▸ WHAT IS BEING ASKED
For any picture in the lines below, please leave it out and copy the rest exactly.

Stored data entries
☆ ☆ ☆ ☆ ☆
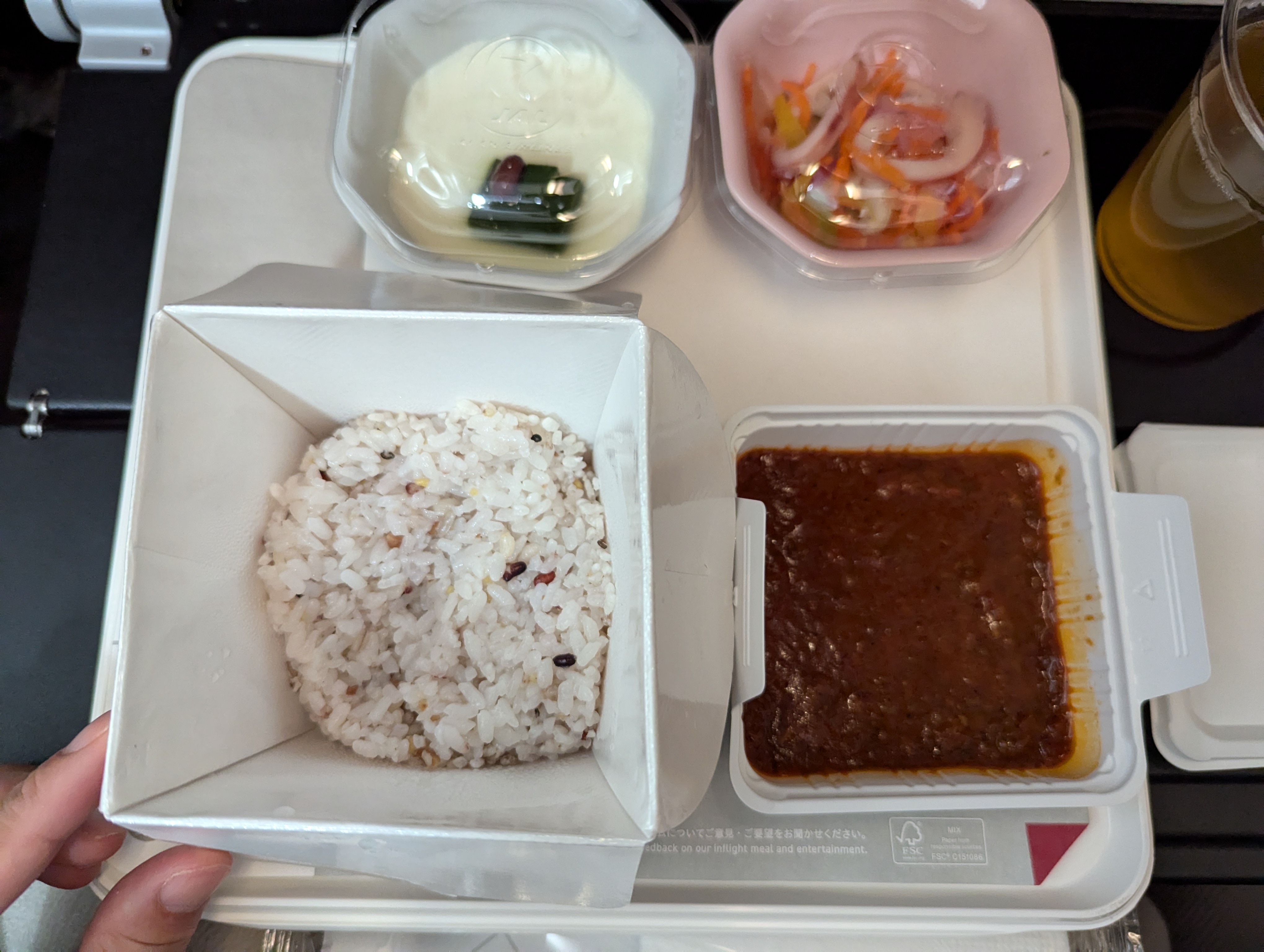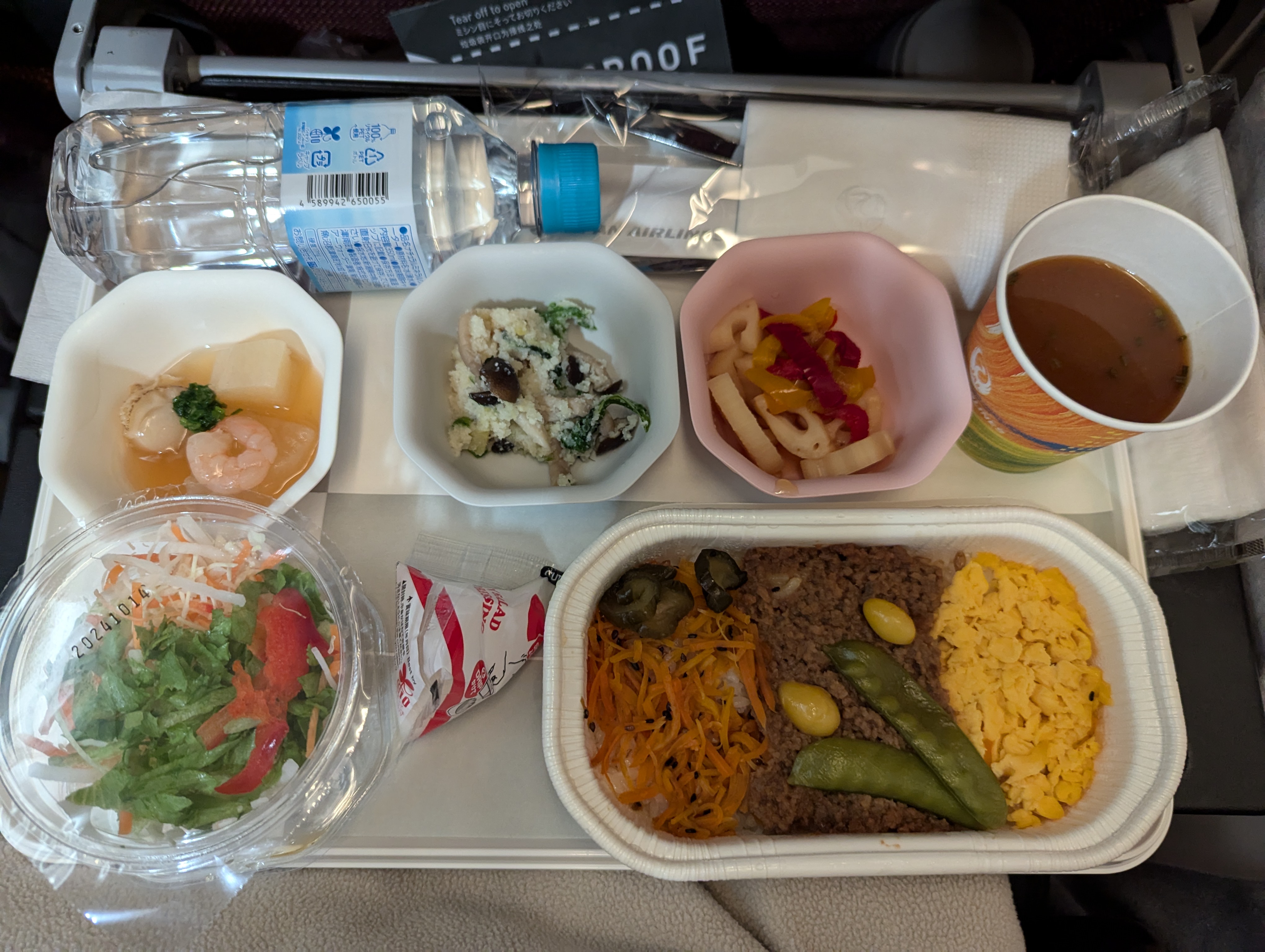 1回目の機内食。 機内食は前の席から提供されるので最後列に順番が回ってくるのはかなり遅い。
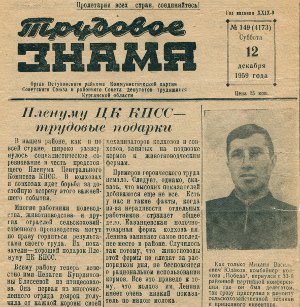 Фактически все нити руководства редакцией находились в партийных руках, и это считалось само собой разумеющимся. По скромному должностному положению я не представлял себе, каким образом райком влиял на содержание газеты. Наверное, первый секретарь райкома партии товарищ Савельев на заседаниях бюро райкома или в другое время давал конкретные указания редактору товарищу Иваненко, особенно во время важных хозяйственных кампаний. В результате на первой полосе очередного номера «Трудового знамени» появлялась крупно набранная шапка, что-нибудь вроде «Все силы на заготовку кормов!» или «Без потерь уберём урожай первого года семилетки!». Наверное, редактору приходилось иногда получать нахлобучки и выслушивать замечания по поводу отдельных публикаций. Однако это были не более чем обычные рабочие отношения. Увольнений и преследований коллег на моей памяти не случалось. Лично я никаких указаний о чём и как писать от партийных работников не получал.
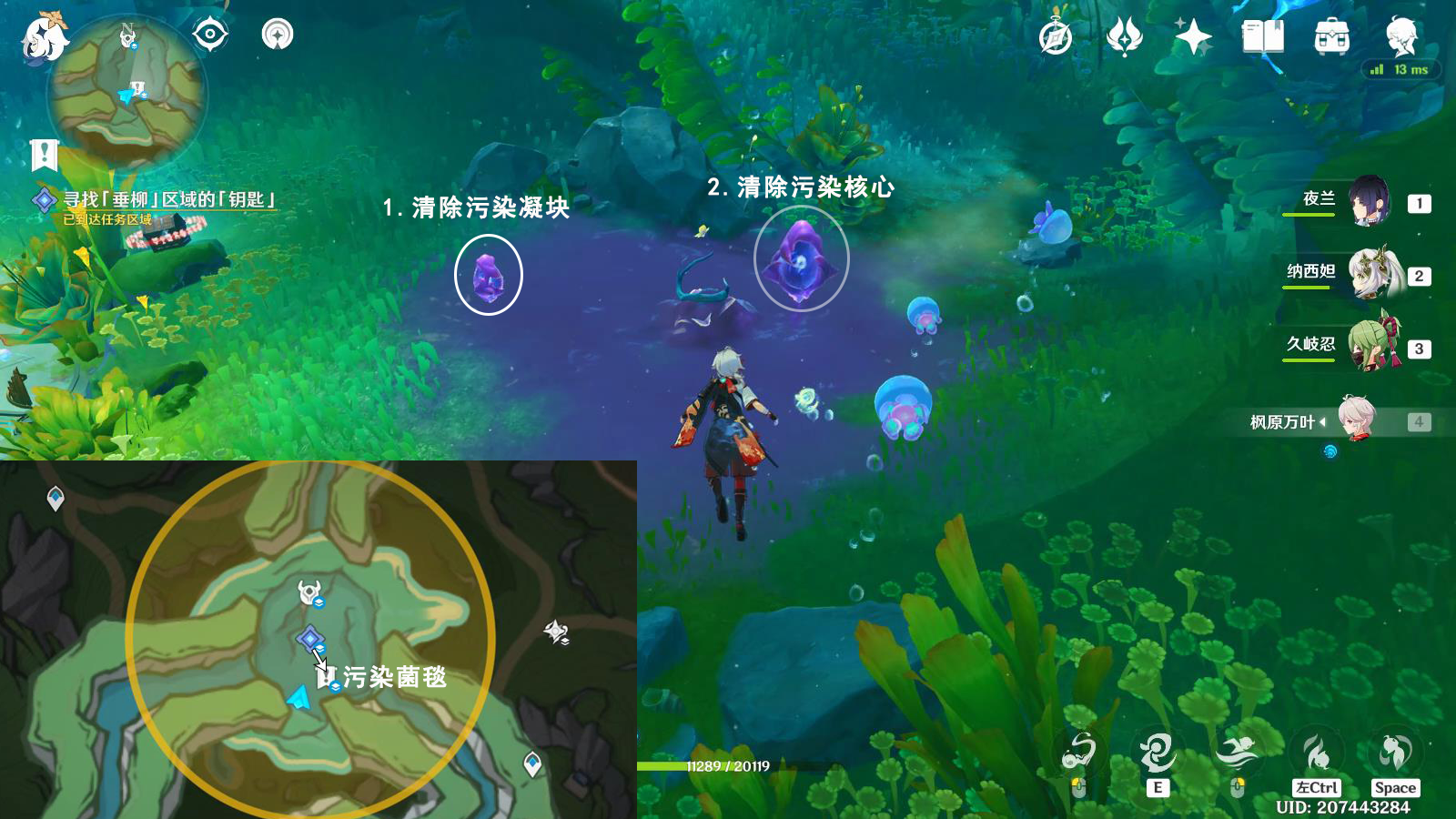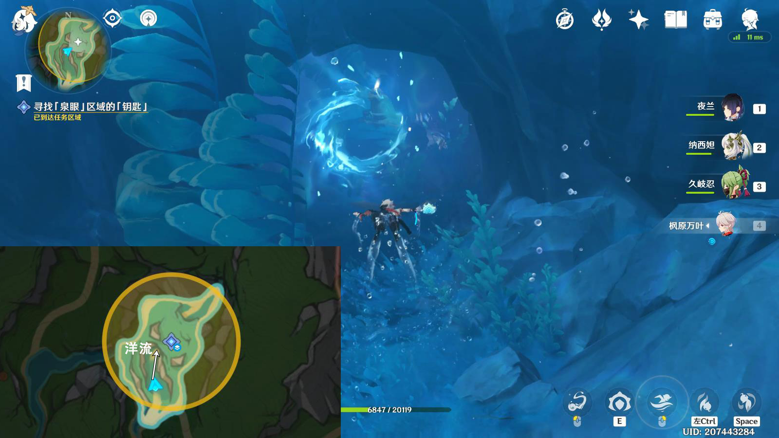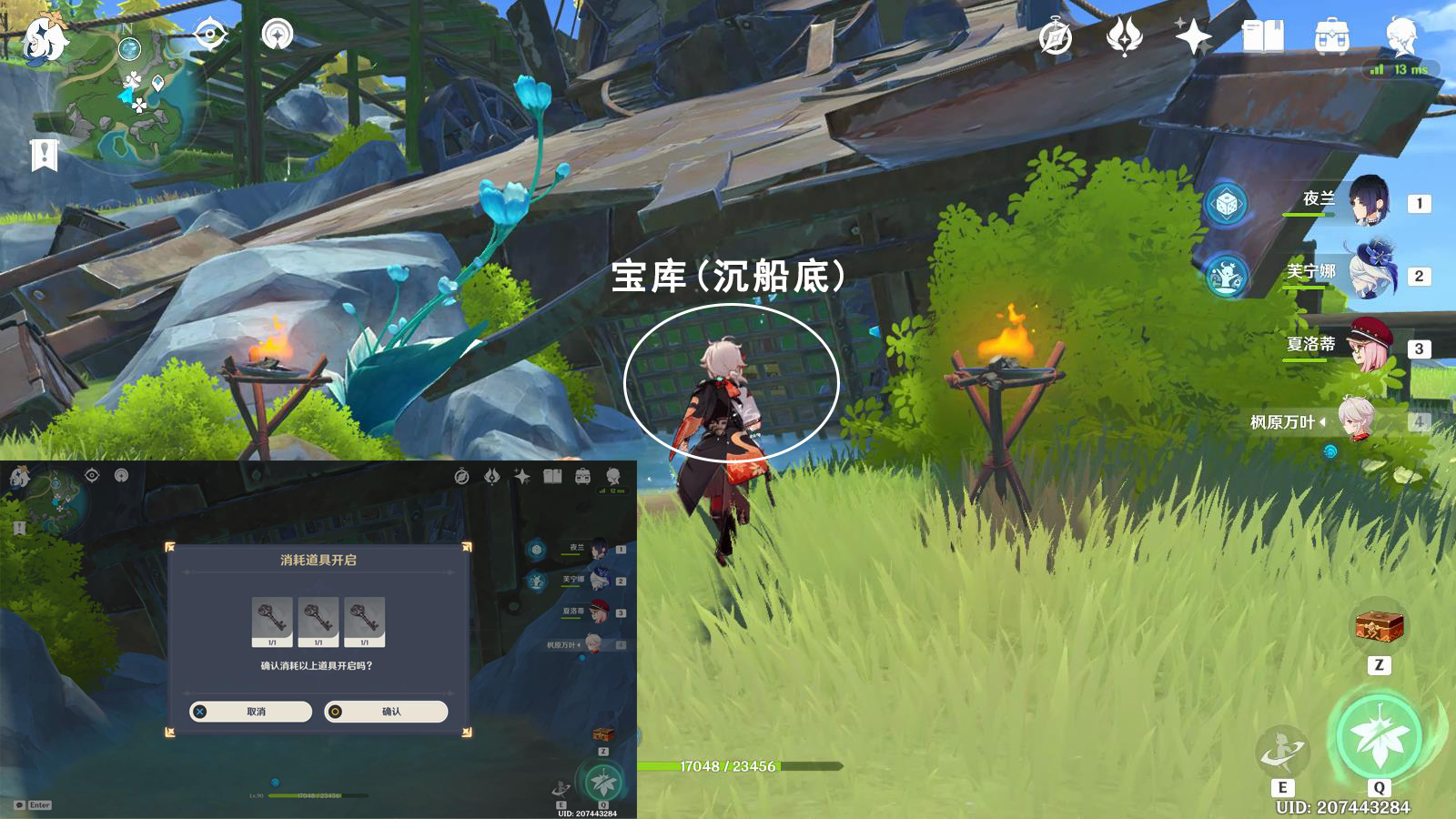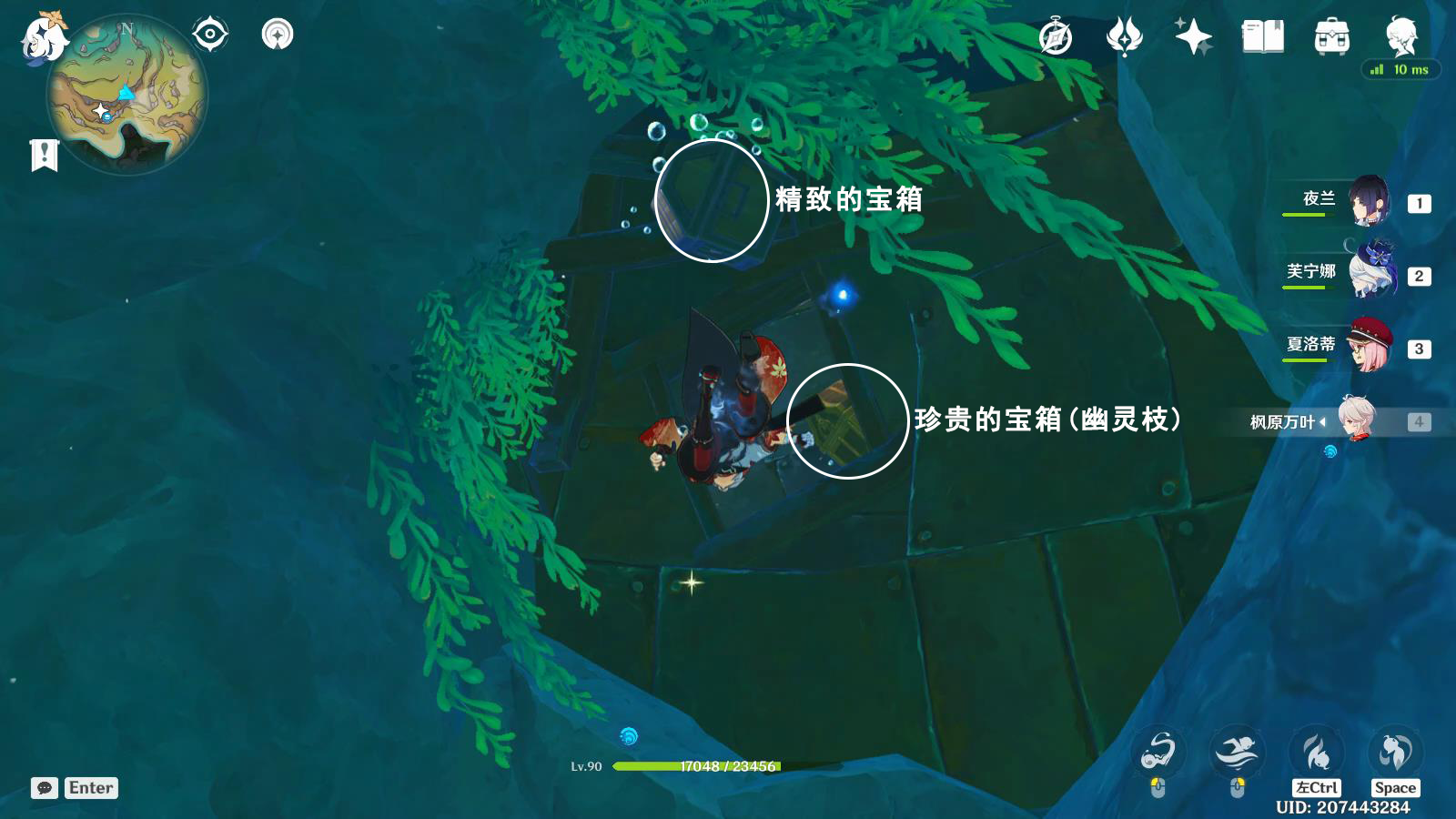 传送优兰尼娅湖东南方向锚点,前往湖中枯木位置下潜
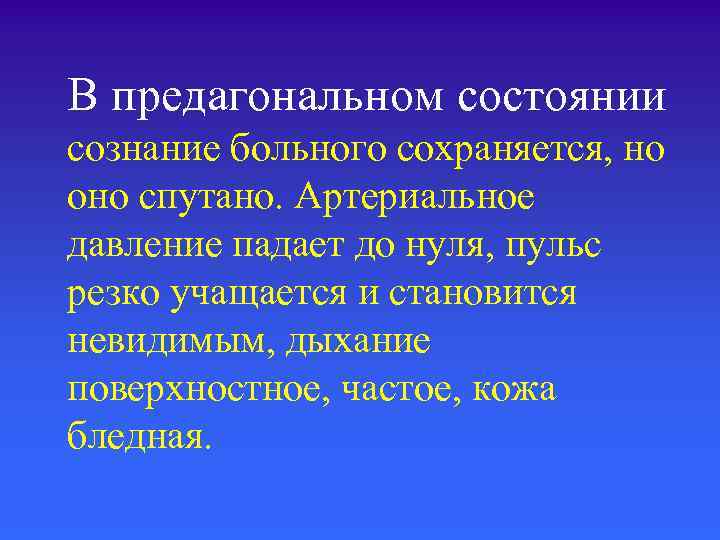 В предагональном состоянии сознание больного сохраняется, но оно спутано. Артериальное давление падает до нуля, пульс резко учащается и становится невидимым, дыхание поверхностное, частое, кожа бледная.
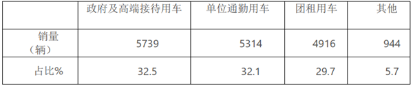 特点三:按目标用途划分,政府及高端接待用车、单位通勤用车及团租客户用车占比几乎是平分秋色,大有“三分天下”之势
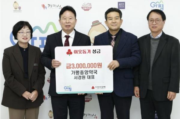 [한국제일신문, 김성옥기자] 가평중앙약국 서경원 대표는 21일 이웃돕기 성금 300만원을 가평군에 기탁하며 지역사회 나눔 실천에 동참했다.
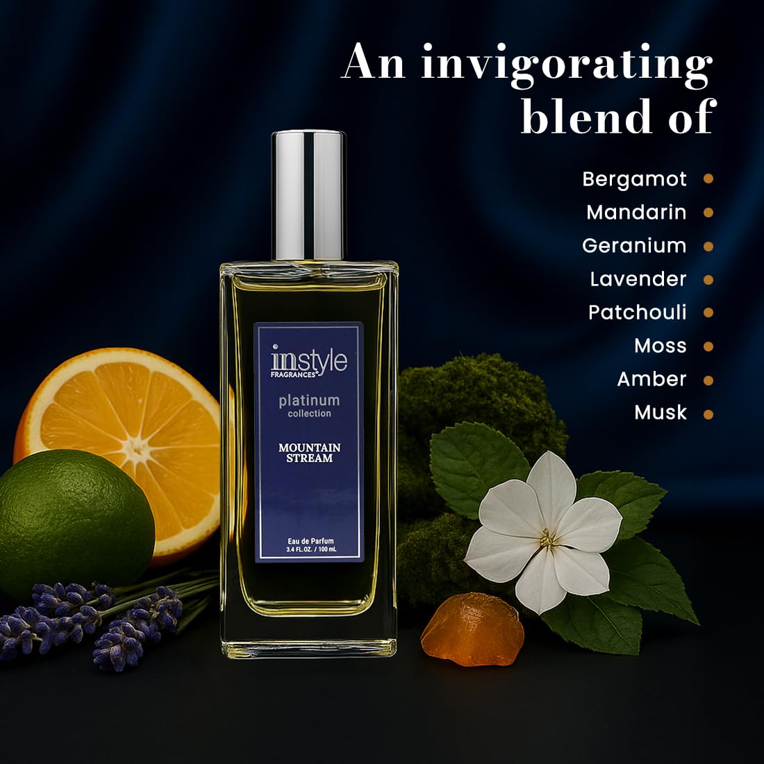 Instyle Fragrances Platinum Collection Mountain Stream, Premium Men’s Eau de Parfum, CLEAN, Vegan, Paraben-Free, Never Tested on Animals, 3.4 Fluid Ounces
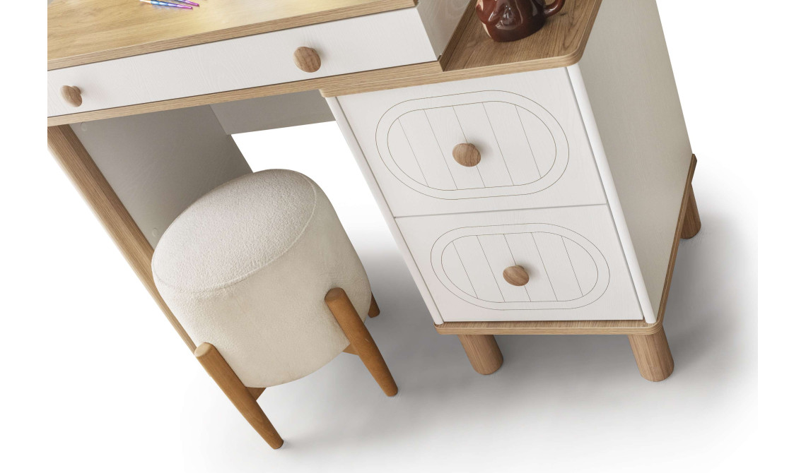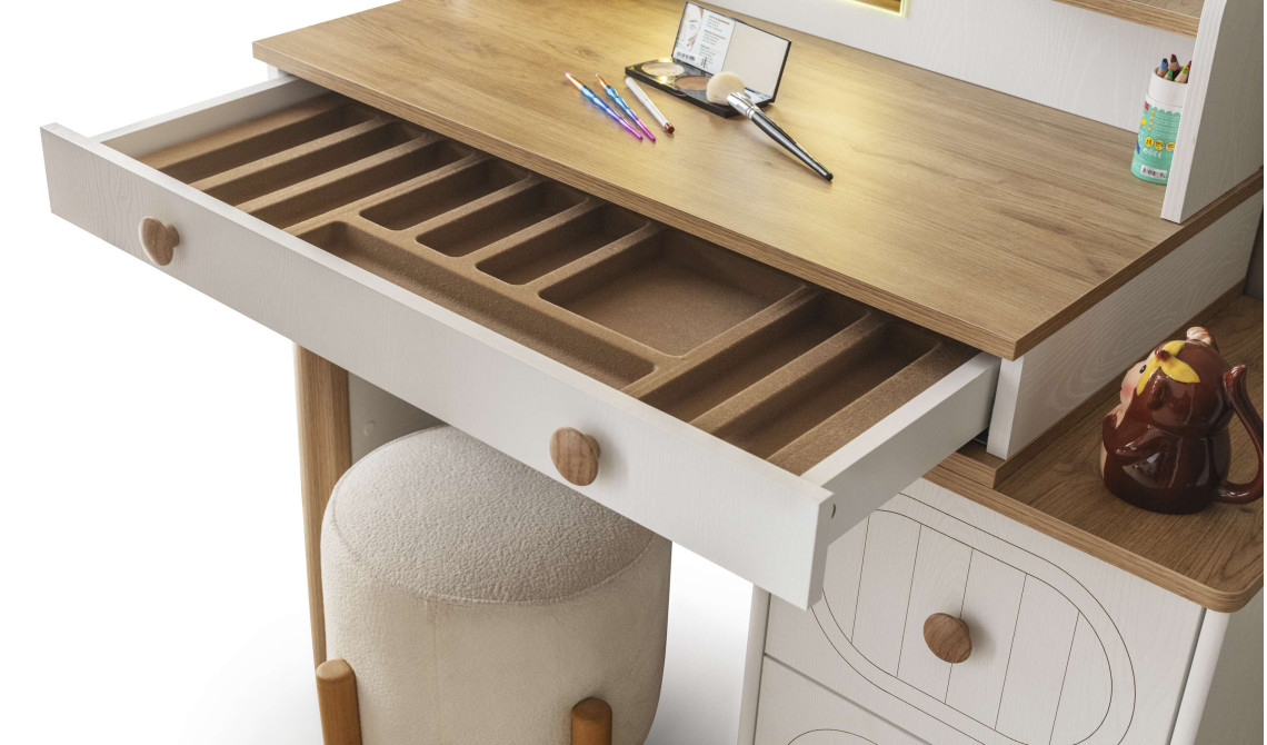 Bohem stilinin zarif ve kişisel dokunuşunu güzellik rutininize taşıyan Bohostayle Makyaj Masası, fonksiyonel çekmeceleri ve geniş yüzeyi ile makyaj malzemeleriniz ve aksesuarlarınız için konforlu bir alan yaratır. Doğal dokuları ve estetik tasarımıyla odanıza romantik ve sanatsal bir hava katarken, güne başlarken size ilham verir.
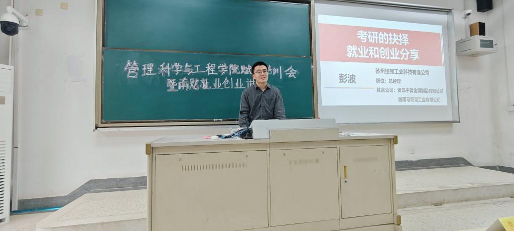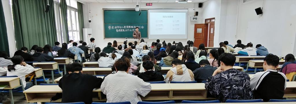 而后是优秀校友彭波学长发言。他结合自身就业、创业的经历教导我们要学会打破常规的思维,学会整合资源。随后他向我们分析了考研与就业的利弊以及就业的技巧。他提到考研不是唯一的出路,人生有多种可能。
☆ ☆ ☆ ☆ ☆
▸ EXERCISE RESPONSE
 1回目の機内食。 機内食は前の席から提供されるので最後列に順番が回ってくるのはかなり遅い。
 Фактически все нити руководства редакцией находились в партийных руках, и это считалось само собой разумеющимся. По скромному должностному положению я не представлял себе, каким образом райком влиял на содержание газеты. Наверное, первый секретарь райкома партии товарищ Савельев на заседаниях бюро райкома или в другое время давал конкретные указания редактору товарищу Иваненко, особенно во время важных хозяйственных кампаний. В результате на первой полосе очередного номера «Трудового знамени» появлялась крупно набранная шапка, что-нибудь вроде «Все силы на заготовку кормов!» или «Без потерь уберём урожай первого года семилетки!». Наверное, редактору приходилось иногда получать нахлобучки и выслушивать замечания по поводу отдельных публикаций. Однако это были не более чем обычные рабочие отношения. Увольнений и преследований коллег на моей памяти не случалось. Лично я никаких указаний о чём и как писать от партийных работников не получал.
 传送优兰尼娅湖东南方向锚点,前往湖中枯木位置下潜
 В предагональном состоянии сознание больного сохраняется, но оно спутано. Артериальное давление падает до нуля, пульс резко учащается и становится невидимым, дыхание поверхностное, частое, кожа бледная.
 特点三:按目标用途划分,政府及高端接待用车、单位通勤用车及团租客户用车占比几乎是平分秋色,大有“三分天下”之势
 [한국제일신문, 김성옥기자] 가평중앙약국 서경원 대표는 21일 이웃돕기 성금 300만원을 가평군에 기탁하며 지역사회 나눔 실천에 동참했다.
 Instyle Fragrances Platinum Collection Mountain Stream, Premium Men’s Eau de Parfum, CLEAN, Vegan, Paraben-Free, Never Tested on Animals, 3.4 Fluid Ounces
 Bohem stilinin zarif ve kişisel dokunuşunu güzellik rutininize taşıyan Bohostayle Makyaj Masası, fonksiyonel çekmeceleri ve geniş yüzeyi ile makyaj malzemeleriniz ve aksesuarlarınız için konforlu bir alan yaratır. Doğal dokuları ve estetik tasarımıyla odanıza romantik ve sanatsal bir hava katarken, güne başlarken size ilham verir.
 而后是优秀校友彭波学长发言。他结合自身就业、创业的经历教导我们要学会打破常规的思维,学会整合资源。随后他向我们分析了考研与就业的利弊以及就业的技巧。他提到考研不是唯一的出路,人生有多种可能。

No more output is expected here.